■ Work required: Write out exactly the lines of the entries below from the one holding "Buy Now PALO" to the one holding "Gallo pinto con", inclusive, and leave out all other lines.

■ Data to examine:
----

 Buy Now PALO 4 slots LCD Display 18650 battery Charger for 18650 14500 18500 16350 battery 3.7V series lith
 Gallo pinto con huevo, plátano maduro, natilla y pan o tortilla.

----

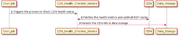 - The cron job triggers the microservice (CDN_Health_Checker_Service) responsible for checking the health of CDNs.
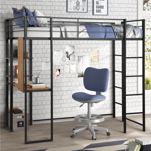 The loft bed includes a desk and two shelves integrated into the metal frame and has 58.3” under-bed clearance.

----

■ Response:
 Buy Now PALO 4 slots LCD Display 18650 battery Charger for 18650 14500 18500 16350 battery 3.7V series lith
 Gallo pinto con huevo, plátano maduro, natilla y pan o tortilla.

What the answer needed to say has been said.